Ever since the end of World War II the United States has had to face a problem that has turned out to be far more difficult than the containment of the Soviet Union: what to do with foreign leaders who claim to be friends and then put us in a tight spot.
These leaders declare an anti-communist stance, ask for American assistance, provide the United States with bases or international support, and yet alienate their own people and quite often radicalize their opposition through corruption or human-rights violations.
The case of Ferdinand E. Marcos comes after the fall of Jean-Claude Duvalier, Anastasio Somoza of Nicaragua, the Shah of Iran, the pro-Western regime in South Vietnam, Gen. Fulgencio Batista in Cuba and Gen. Chiang Kai-shek in China.
Whenever the opposition of the "friendly" tyrant was predominantly communist, the United States has supported him--with disastrous results in China and Vietnam. Whenever we believed that the opposition was radical but not, or not yet, dominated by the communists, we have tried to dissociate ourselves from our embarrassing and faltering ally at the last minute.
The result has been bitter domestic disputes when the new regimes proved hostile to the United States, as in the Ayatollah Ruhollah Khomeini's Iran, or Marxist-Leninist as in Fidel Castro's Cuba and the Sandinistas' Nicaragua.
Dissociation from the Duvalier regime in Haiti was made easy by the fact that the alternative did not appear to be a threat to American interests. The divorce from Marcos was a slow and painful process because of President Reagan's mistaken belief that Marcos was the only alternative to the communists.
But Reagan gave up his impartial stance and his absurd calls for compromise when it became obvious to Republicans in Congress that there was indeed a hugely popular democratic alternative, that further support of Marcos would only lead to a blood bath, and that, if Marcos did prevail, it would lead to a radicalization of the opposition.
The Administration now will try to take credit for the restoration of democracy in Manila and to link recent events in Haiti and the Philippines to the so-called Reagan doctrine of support for anti-communist movements in Angola, Nicaragua and Grenada. However, there is a world of difference between a somewhat grudging or at least belated intervention on behalf of democracy in the Philippines and the support of such extremely dubious "freedom fighters" as the contras and Jonas Savimbi. Moreover, future cases may not be as clear-cut as the David-and-Goliath-type battle between Corazon Aquino and Marcos.

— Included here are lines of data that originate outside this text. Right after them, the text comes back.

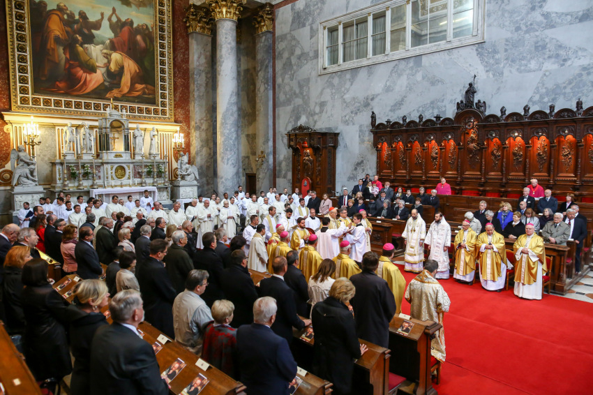 Az ünneplőket a szentmise főcelebránsa, Erdő Péter bíboros, prímás köszöntötte. Kifejezte örömét, hogy a Magyarország Barátai Alapítvány tagjai Vizi E. Szilveszter elnök vezetésével szintén jelen vannak a szentmisén. „Kis nyelv a magyar. Azt is szokták mondani, hogy nehéz nyelv. Igen fontos, hogy legyenek megbecsült emberek szerte a világon, akik ismerik és átérzik népünk sorsát és valódi helyzetét, és tudásukat, meggyőződésüket meg tudják osztani környezetükkel is. Ennek a fajta tanúságtételnek is különleges példája volt Mindszenty József, akinek neve ma is ismert szerte a világon” – fogalmazott Erdő Péter. A bíboros köszöntötte a Lengyelországból érkezett zarándokokat is, akik Szent Kinga ereklyéjét hozták el Esztergomba, valamint a dévai Szent Ferenc Alapítvány jelen lévő munkatársait és növendékeit.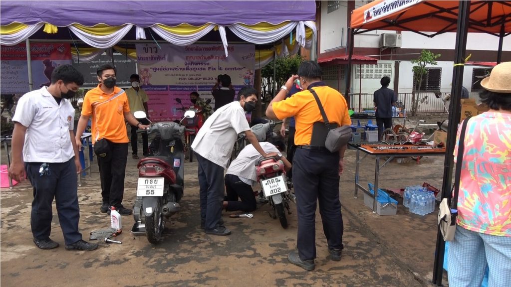 ต่อจากนั้น ผู้ว่าราชการจังหวัดสิงห์บุรี พร้อมคณะได้เดินทางไปตรวนเยี่ยมให้กำลังใจคณะผู้บริหาร ครู นักเรียน นักศึกษานักเรียน นักศึกษา และอาจารย์ จากวิทยาลัยเทคนิคสิงห์บุรี วิทยาลัยเทคนิคสิงห์บุรีแห่งที่ 2 วิทยาลัยอาชีวศึกษาสิงห์บุรี วิทยาลัยเกษตรและเทคโนโลยีสิงห์บุรี วิทยาลัยการอาชีพอินทร์บุรี วิทยาลัยเทคโนโลยีพณิชยการสิงห์บุรี และวิทยาลัยเทคโนโลยีบริหารธุรกิจสิงห์บุรี ที่รวมนักเรียน นักศึกษาในสาขาวิชาต่าง ๆ เป็นทีม Fix It Center หมุนเวียนออกมาให้บริการช่วยเหลือประชาชนที่ประสบอุทกภัย ในพื้นที่จังหวัดสิงห์บุรี ศูนย์ซ่อมสร้างเพื่อชุมชน Fix it Center ของ ซึ่งมีนักศึกษาจิตอาสา มาให้บริการซ่อมรถยนต์ รถจักรยานยนต์ เครื่องจักรกลการเกษตร เครื่องใช้ไฟฟ้าในครัวเรือน งานเชื่อม และซ่อมคอมพิวเตอร์ โดยเปิดให้บริการเป็นเวลา 3 วัน ระหว่างวันที่ 29-31 ตุลาคม 2564 ตั้งแต่เวลา 08.30-16.30 น. ณ บริเวณวัดปราสาท อำเภออินทร์บุรี ซึ่งประชาชนสามารถรับบริการได้ ด้วยบัตรประชาชนเพียงใบเดียว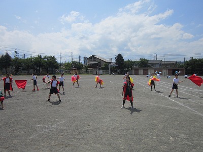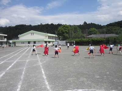 昼休みには、紅白の応援団が外で練習を行っていました。始めから終わりまでを通しての練習です。全体で行うとどうなるか楽しみです。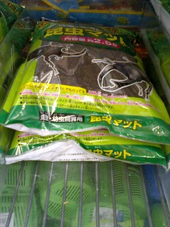 いつも利用している100均セリアにこんなものがありました。昆虫マット2.5L2.5Lで100円なら10Lで400円です^-^よくある格安マットと比べたらどうでしょう。確か10Lで450円くらいではなかったでしょうか。少し安いか。。。その一画は昆虫用品売り場?ってほど大げさではありませんが、色々売っています。カブトムシの幼虫。。。100円コバエよけシート3枚。。。これは樹脂シートではなく、不織布でした。あとはゼリー少々。。。保水液。。。等々100均がホームセンター化してきました。まあ言ってみれば100均商品を扱うホームセンターな訳か。。。フムフム。。。ビッダーズ昆虫オークション最近フリマでは生き虫の出品が禁止となりました。でも昆虫グッズはチェックの価値あり!楽天昆虫グッズ販売ページへ~(^-^)/ビッダーズの昆虫用品を主に集めました!!ビッデスト昆虫の餌最近の一番人気を表示していますd(^0^)bこちらもチェックを欠かせない!楽天特撮フィギア販売ページです(o^-’)b ****************************************************************************先日のアンケートをしばらく掲示します。第2弾!!アンケート作成及び投票はコチラクワカブなんでもアンケート!!第1弾!!アンケート菌糸ビン何使ってる?****************************************************************************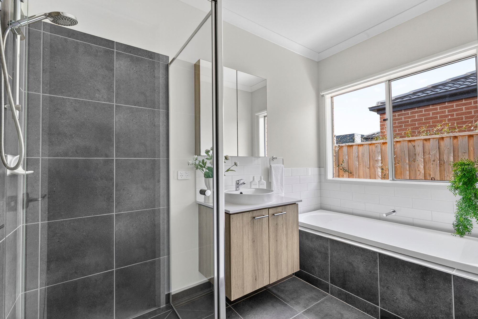 Main Bathroom – Semi-frameless fully tiled shower with niche, upgraded fittings, bath, feature basin with 20mm stone benchtop, mirrored cabinetry, tile splashback, separate toilet, and roller blinds.
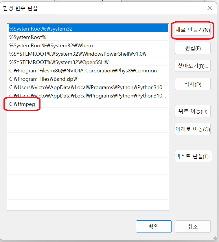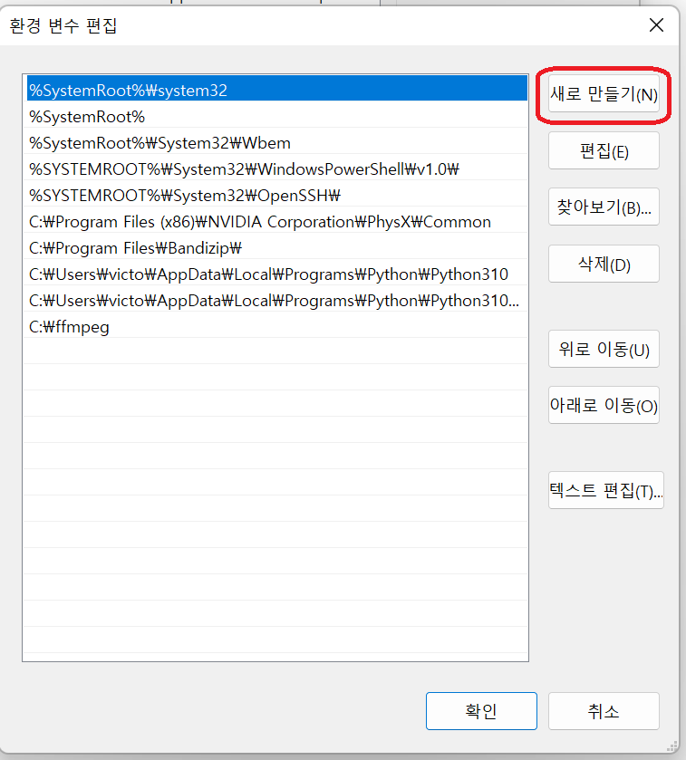 다운로드하고 따로 건드릴 것 없이 설치하고, ffmpeg때 했던 것 처럼 설치된 폴더 경로 찾아서 환경변수에 등록해준다.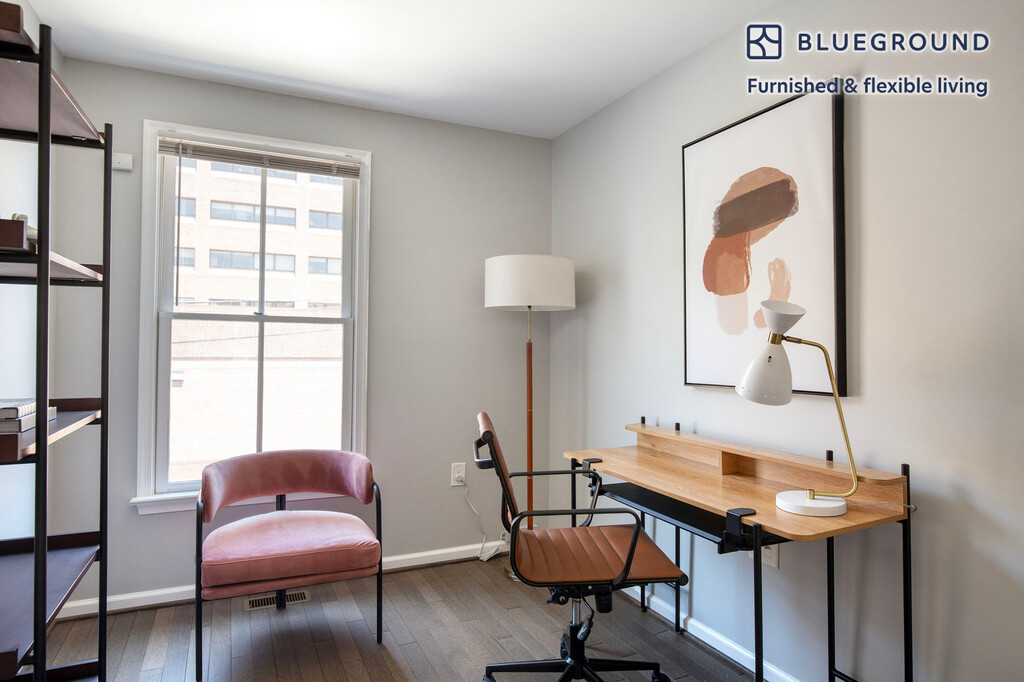 Discover the best of Washington, D.C., with this two bedroom apartment in Le Droit Park. It’ll be easy to simply show up and start living in this furnished apartment with its fully equipped kitchen, living room, and our dedicated, on-the-ground support. (ID #WDC689) The advertised rate of $2,960/month is the lowest available price, based on a 1 month(s) and 3 day(s) stay with a move-in date of December 9, 2025. If you’re looking for a 1-year stay, the rate is $4,060/month. Rates vary depending on the duration of stay, season, and other parameters. For exact pricing and additional pricing components, please visit our website and enter your desired move-in and move-out dates. The rate is applicable when billed upfront; it can be higher if billed in multiple payments. Brokers are welcome to reach out. Were you looking for an unfurnished lease? Try Blueground instead and upgrade from unfurnished to furnished living: - Furnished at rates comparable to unfurnished - No setup or furniture costs - save thousands - Move-in ready - save time, just bring your suitcase Designed with you in mind As with any Blueground apartment, you’ll find a thoughtfully designed space complete with beautiful furniture and a fully equipped kitchen in this two bedroom property. And, thanks to our superior quality mattresses, luxury linens, and towels, you can relax knowing you’ll always feel comfortably at home. When you’re ready for some fun, you can take in the Washington, D.C. vibes or bring the entertainment to you with the premium wireless speaker or smart TV. This apartment also offers in-apartment laundry. Sleeping arrangements Queen Bed, 63in/160cm Queen Bed, 63in/160cm Amenities Building amenities unique to this two bedroom apartment include an on-site: - Dryer - Washing machine - Parking Arrival and ongoing support The entire apartment is yours to enjoy! Throughout your stay, you’ll have access to our Client Experience team through the Blueground App. You can schedule additional cleanings, submit maintenance requests, and view our neighborhood recommendations with just a few taps. We’ll share all details upon confirmation of your stay. Other things to note Building amenities may have an extra cost. This Blueground apartment has flexible lease options, allowing you to book it for one month, a year, or more. Parking is offered based on availability and is subject to a fee. Please keep in mind that this is a walk up building. We take great pride in ensuring every photo displayed is shot in our own units with our actual furnishings. That said, we regularly refresh our decor and furniture arrangement, which may differ from what’s pictured. [GO]

The lesson that we should learn from the Philippines is that the real problem is not communist insurrection but the variety of factors that feed it. This fact is something that we ignored when we acquiesced in the violent replacement of President Ngo Dinh Diem in Saigon in 1963, not so much because we deplored his way of ruling as that we thought it made him ineffectual in fighting communism.
The lesson that we ought to learn from the Filipino people is that prolonged support of leaders who violate what the United States stands for is always a mistake. Such support either makes it easier for the opposition to take a violently anti-American turn or, even when the outcome is as satisfying as in Manila, makes American proclamations of democratic virtue appear highly hypocritical. It also allows our own clients to blackmail us, as Marcos tried to do with the American bases in the Philippines.
I hope that one of the casualties of the peaceful Philippine revolution will be the neo-conservative defense of authoritarian as opposed to totalitarian regimes. Indeed, one of their arguments is that authoritarian regimes can be more easily changed than totalitarian ones. But it is grotesque to plead, in effect, for a U.S. commitment to authoritarian government just because in those countries (unlike in Poland or Czechoslovakia) there is no Red Army capable of crushing a popular rebellion.
If the only lesson that the Reagan Administration learns from the fall of Marcos is a lesson in dissociation when such a rebellion is on the verge of triumph, we will continue to support Gen. Augusto Pinochet's horrible regime and probably contribute to the reinforcement of the communists' position among the forces that oppose him. We also will fail to exert our considerable influence in Seoul to curb the authoritarian excesses of South Korea's military leadership.
If the lesson that the Administration learns from Manila is the possibility of abandoning an authoritarian regime only when the opposition is evidently moderate and pro-American, we will fail to insist that our more enlightened friends in El Salvador's government go through brave reform of the army and the social system--the only course that could split or weaken the rebellion.
We will also continue to resist exerting pressure on the South African regime even though its continued denial of basic citizenship and human rights to the vast majority of its population appears to leave no other outcome than a protracted civil war. The United States will appear on the side of the oppressors in such a conflict, and the Soviet Union will have a golden opportunity to champion the oppressed.
U.S. policy in all these cases should be to push for democratic reforms and repudiate such false friends when they refuse to budge in order to conserve their power.